Chapter 30: Book Club Meet Cute

Summary:

Cross-posted from tumblr per request!

Notes:

A/N: I went full AU meet cute here with grad student Maggie, bookstore employee Lucy, and newly out Alex, so think mid-20s or so for ages

Chapter Text

Really, Maggie should have known better than to think that a lesbian bookclub would be any better than a straight one. Sure, this one is slightly better in that she's fairly certain most people have read the book. Or at least they've watched Carol and are pretending it's the same thing as having read The Price of Salt. But it's still just a group of women sitting around and not talking about the fucking book. At least not in any of the ways Maggie cares about.

Maggie wants to talk about the narrative arc, the way temporality gets torqued around Therese, what it means that this queer, queer book's road chase scene inspired Nabokov, how the weight of certain scenes changed from the book to the film (and why didn't Carol get to have a loaded gun in the film, huh?).

Everyone else wants to talk about feelings. Not even the characters's; no, their own.

Maggie tunes back in to hear some other 20-something bitching about Highsmith because the plot "feels unrealistic." Apparently it's not "good writing" to have a character fall in love so quickly because she has never personally felt anything like infatuation at a checkout counter.

Doodling in the corner of her notebook, Maggie finds herself sketching out big block letters: I HATE THIS. Again and again and again.

After a few minutes, she hears a snort of laughter from beside her and looks over to find a rather attractive woman about her age glancing down at her notebook. After an initial surge of annoyance, Maggie scrawls out a brief: "Sorry."

The woman shrugs. Maggie thinks that's the end of it. At least until she hears a quiet shuffling beside her, then finds the woman snatching a pen right out of the hand of the blonde sitting next to her.
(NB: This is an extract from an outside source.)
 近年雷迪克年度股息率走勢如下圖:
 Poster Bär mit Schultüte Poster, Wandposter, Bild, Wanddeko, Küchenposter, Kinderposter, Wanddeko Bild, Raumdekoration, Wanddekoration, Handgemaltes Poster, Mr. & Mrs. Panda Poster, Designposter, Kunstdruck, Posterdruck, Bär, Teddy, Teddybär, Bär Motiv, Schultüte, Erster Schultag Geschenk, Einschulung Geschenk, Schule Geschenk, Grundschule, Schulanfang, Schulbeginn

The blonde looks more than a little affronted.

The woman spins Maggie's notebook toward herself, and Maggie would be royally pissed if she wasn't so intrigued. (As it stands, she's just a regular amount of annoyed.)
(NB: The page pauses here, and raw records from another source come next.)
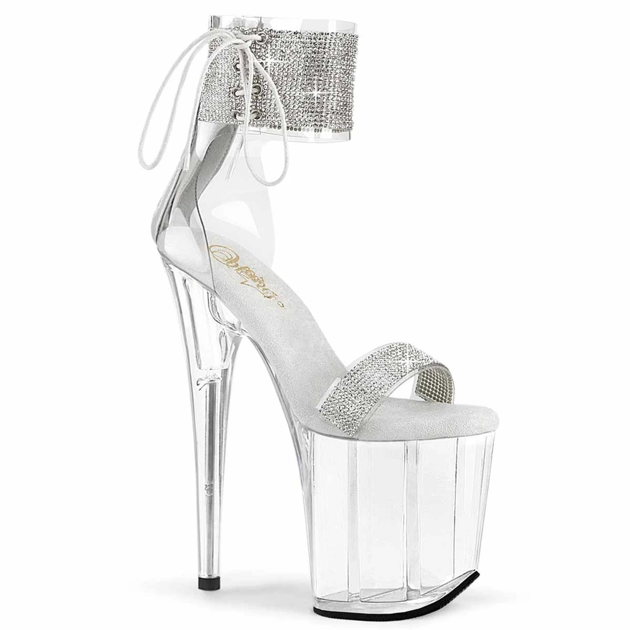 Approximately 8″ (200mm) Heel, 4″ (100mm) Platform Close Back Ankle Cuff Sandal w/Side Lacing Featuring Rhinestone Embellished Ankle Cuff & Toe Strap, Back Zip Closure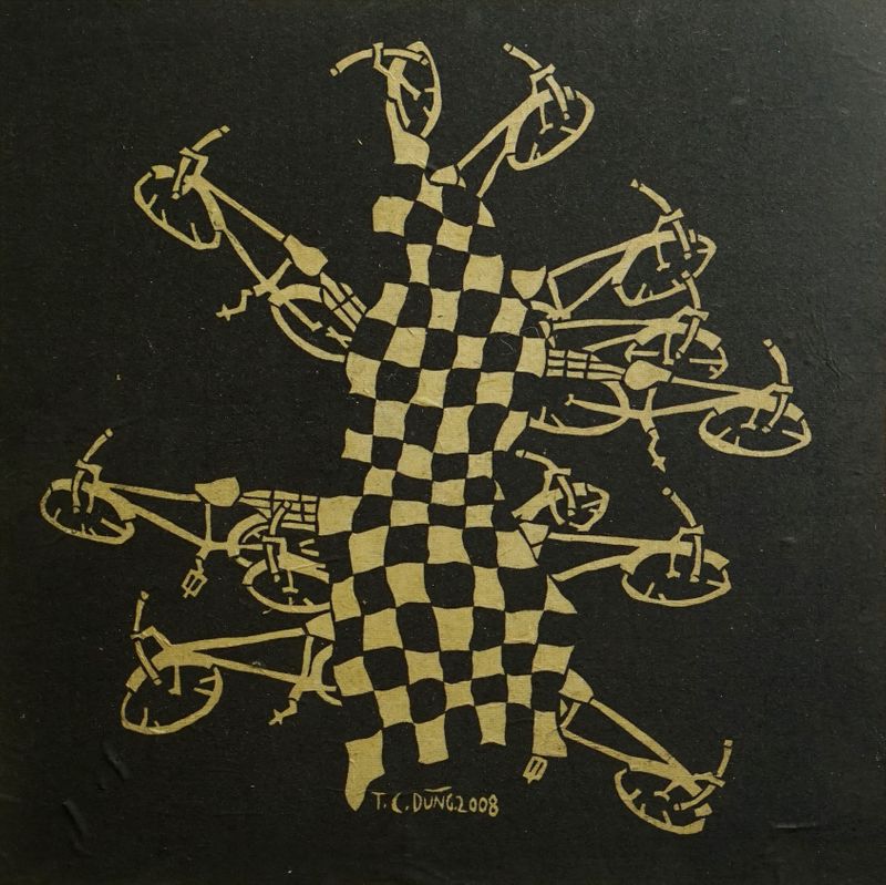 Tran Cong Dung, born in 1969 in Tuyen Quang, now lives and works in Hanoi. Starting to make a major mark by sculpture lacquer painting of bicycles, Tran Cong Dung is gradually familiar to the art lovers in Vietnam by artworks showing simple existing things in the life through not only shrewd thoughts but also funny styles with new and unique languages. His artworks consist of diverse types and materials such as lacquer, wood carving, sculpture and ceramic… With each material, Tran Cong Dung shows his virtually unlimited creativeness with his versatile talent.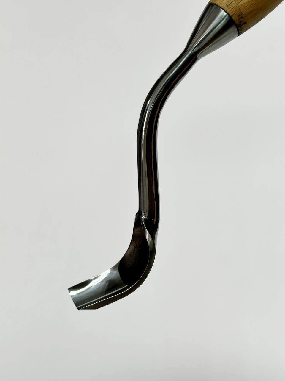 Ми представляємо велику зігнуту скульптурну зуби, спеціально розроблену для різьблення мисок, підштовхів, кружок, ложок та інших глибоких дерев’яних предметів. Завдяки вигнутому формі леза (лебедя на шиї, це дозволяє точно видалити матеріал, не контактуючи з поверхнею деревини, що забезпечує максимальний контроль та комфорт роботи.

"Don't be." The handwriting is a sloppy scrawl, and Maggie's deeply glad to have done enough archival work that she can read anyone's writing at this point. "I didn't really think this would be an hour of hearing people debate whether you can fall in love at a department store."

Maggie snorts loudly enough to draw the attention of everyone around her, and it's a testament to the years she's spent honing her passive listening skills during seminars full of theory bros enjoying an intellectual circle jerk that she's able to pipe up like she'd been intending to contribute to the conversation all along. She gives a vague nod of acknowledgment to the ongoing conversation, then tries to segue from the time element of the infatuation question that is, apparently, so open to debate, to the discussion questions she'd written out before coming about queer temporality. (Other than a conciliatory little, "Interesting!" from one of the attendees, no one engages, and Maggie goes back to doodling.)

A minute later, a freckled left hand drops down in the middle of her notebook again, and a barely legible, "Your point sounded cool," appears down the margins of her page.

"Shame no one else thought so," Maggie writes. She can't quite shake the feeling that she's back in grade school passing notes during the good years before all anyone wanted to talk about was boys.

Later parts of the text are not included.